CISC has the following significant characteristics: (1) Instruction format is not fixed, instruction length is inconsistent, and the number of operands can vary; (2) Addressing modes are complex and diverse, facilitating program writing; (3) Uses microprogram structure, requiring a microinstruction sequence to execute each instruction; (4) Each instruction requires several machine cycles to complete; the more complex the instruction, the more machine cycles are required. RISC: Reduced Instruction Set Computer: a small number of instructions, only the most useful instructions are included in the channel; short execution time, ensuring the data channel quickly executes each instruction; simplifies CPU hardware structure design; each instruction uses a standard word length.
2、ARM Processor Architecture
ARM stands for Advanced RISC Machines.
On April 26, 1985, the first ARM prototype was born at Acorn Computers Ltd. in Cambridge, UK. In the late 1980s, ARM quickly developed into Acorn’s desktop products, forming the basis of computer education in the UK.
In 1990, Advanced RISC Machines Limited was established.
In the 1990s, ARM’s 32-bit embedded RISC processors expanded globally, occupying a leading position in the low power, low cost, and high performance embedded system application fields.
Currently, it holds over 75% of the 32-bit embedded product market.
32-bit RISC processors are favored, with ARM embedded microprocessor series leading the way.
Although ARM was established only over 20 years ago, in 1999, due to the booming mobile phone market, its 32-bit RISC processors accounted for over 50% market share.
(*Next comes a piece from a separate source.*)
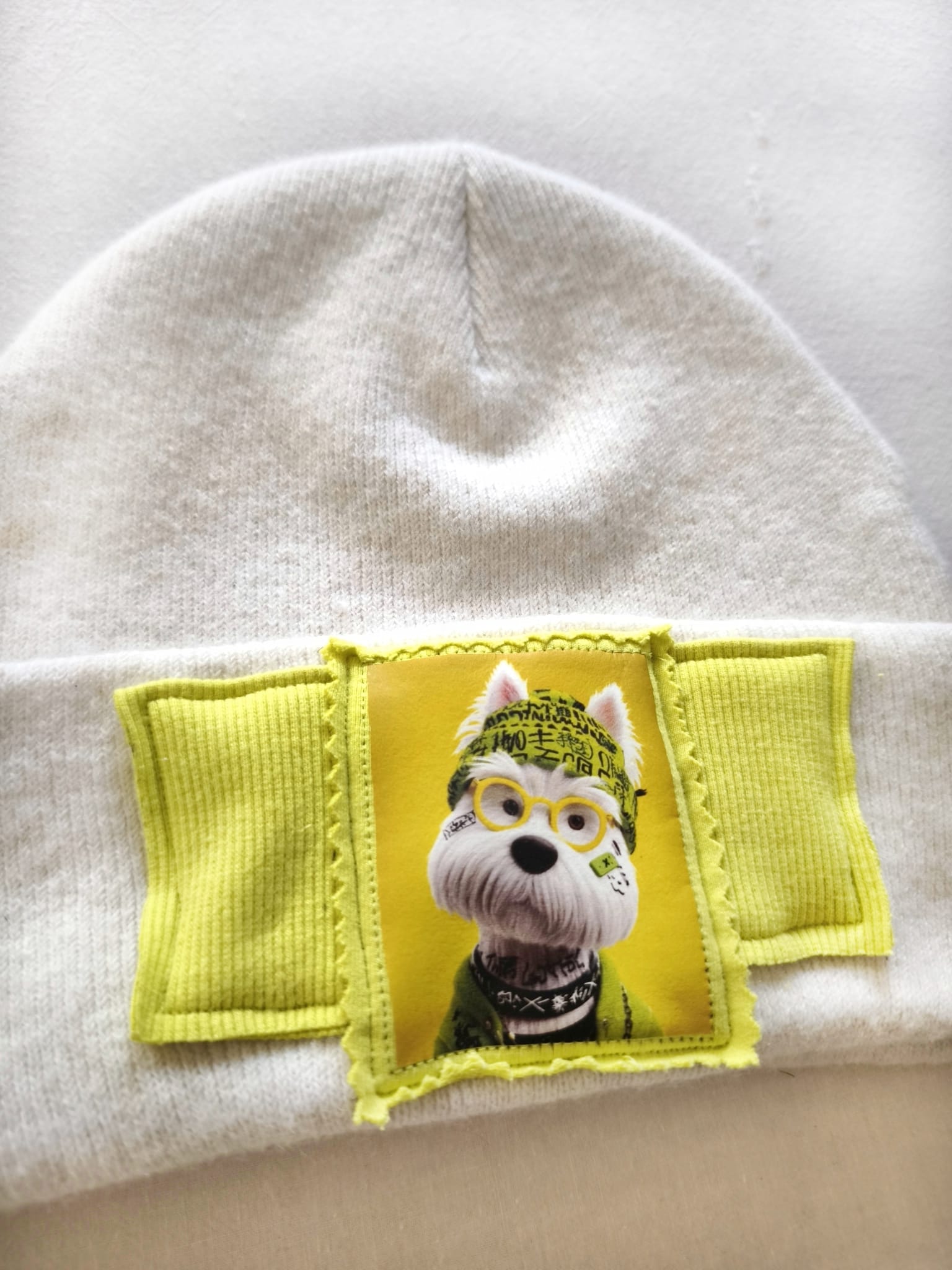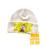 Este gorro de punto en color crudo presenta un diseño único y divertido. El suave tejido se complementa con un llamativo parche central de un perro con gafas, rodeado de detalles en un vibrante color verde limón. Es el accesorio perfecto para quienes buscan un toque de personalidad y estilo original en su look.

By early 2001, ARM’s 32-bit RISC processor market share exceeded 75%. ARM is an intellectual property supplier and design company. Partner companies produce various characteristic chips.
Characteristics of ARM processors: (1) ARM instructions are 32-bit fixed length (except for the AArch64 architecture, which adds 64-bit instructions); (2) Rich in registers (37 registers); (3) Ordinary Load/Store instructions; (4) Multi-register Load/Store instructions; (5) Conditional execution of instructions; (6) Single instruction completion of data shift and ALU operations in a single clock cycle; (7) Functionality of ARM processors is extended through variants and coprocessors; (8) 16-bit Thumb instructions are extended to improve code density. ARM naming rules are roughly divided into two categories: “processor series” naming rules based on ARM Architecture version; “processor model” naming rules based on ARM Architecture version.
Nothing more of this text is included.